Back to the folk tales we go. This song is from the album that contains Along the Way and Our Intermittent Life.
Ready for life, and she’s said this before, When the winds break, She will break out the door. Cokes on the top shelf, water below, She’s barely awake For the first winter’s snow. The windows are open, the orders are in, She’s money to spend And a life to begin. Dust off the table and into the corner, The wind’s not her friend, Maybe it can transform her. "I won’t be a number, I will be known. I'll be a breeze, and blow myself home. I am the Gulf Stream, my own milestone, I will discover my Rosetta bones." She’s ready for life, and she’s said this before, When the winds break, She will break out the door. Red plastic chairs and soup of the day, She burns at the steak With her laminate play. The knives are clean, the ice cream floats, She eyes the clock, They compare discount quotes. The greasy air thins as she walks down the street, The rain clouds are heavy, And she’s out on her feet. "I won’t be a number, I will be known. I'll be a breeze, and blow myself home. I am the Gulf Stream, my own milestone, I will discover my Rosetta bones." The night’s too long, but the day’s not too short, The kitchen is dark, And it’s cold as a morgue. She’s said this for sure — she knows talk is cheap — But when it rains, it pours, And it's warm in her sheets. There are brakes on the window and brakes on the door, When the bow bends, She’ll still have the store. She turns to the wind and says, Where will you be? I’ll wait here for you if you wait here for me. She turns to the wind and says, Where will you be? I’ll wait here for you if you wait here for me.

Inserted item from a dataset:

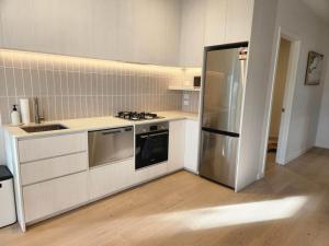 A modern apartment was provided with a well-equipped kitchen and all necessary amenities for a short family stay. The location was excellent, close to Eden Park, eateries, supermarkets, and public transport within walking distance. Off-street parking was available along with a heatpump and a great shower. The accommodation remained quiet despite the inner-city setting. A portacot was offered for infants during the visit.

I’m not sure when I wrote this song, but probably around 2015 or so. There are files called When the Winds Break littered around my computer. At one point, this song was a weird dystopian techno thing. These weren’t versions of what exists now but entirely different pieces of music. This particular instance is from March 2022.
The song is about faded dreams and the passing of time. In the choruses, I use one of my favourite devices: singing in the first person but from the perspective of a character. In this case, the character I sing about in the verses. The chorus is like a mantra she repeats to herself, and it’s both true (no one is just a number) and, by the end of the song, false. She’s right where she started.
The arrangement reflects this. It’s pretty unrelenting — there are no breaks between sections until after the bridge. I’m sure we’ve all had days where we’re like, “fuck, I have to do all this shit again?!”
The music all runs through long chains of audio effects which make the sound swirl and swoosh like the wind. All the elements are processed together so they become a mass of breathing sound. There’s at times a claustrophobic intimacy to the processing here, much like the character’s life. Rather than spatial effects being used to make the soundscape expansive, epic, or dreamlike, here they bring things forward and back like the push and pull of hopes vs reality.
Although the song ends with the character seemingly stuck, waiting forever on the winds of life to change, I don’t think of this as a criticism of her. Circumstance has a much bigger influence on our lives than anything else — what people used to call fortune. There’s a coziness and warmth to the final verse which suggests she’s not really to blame for having failed to transform her life or discover her truest self. The American dream is a myth, after all.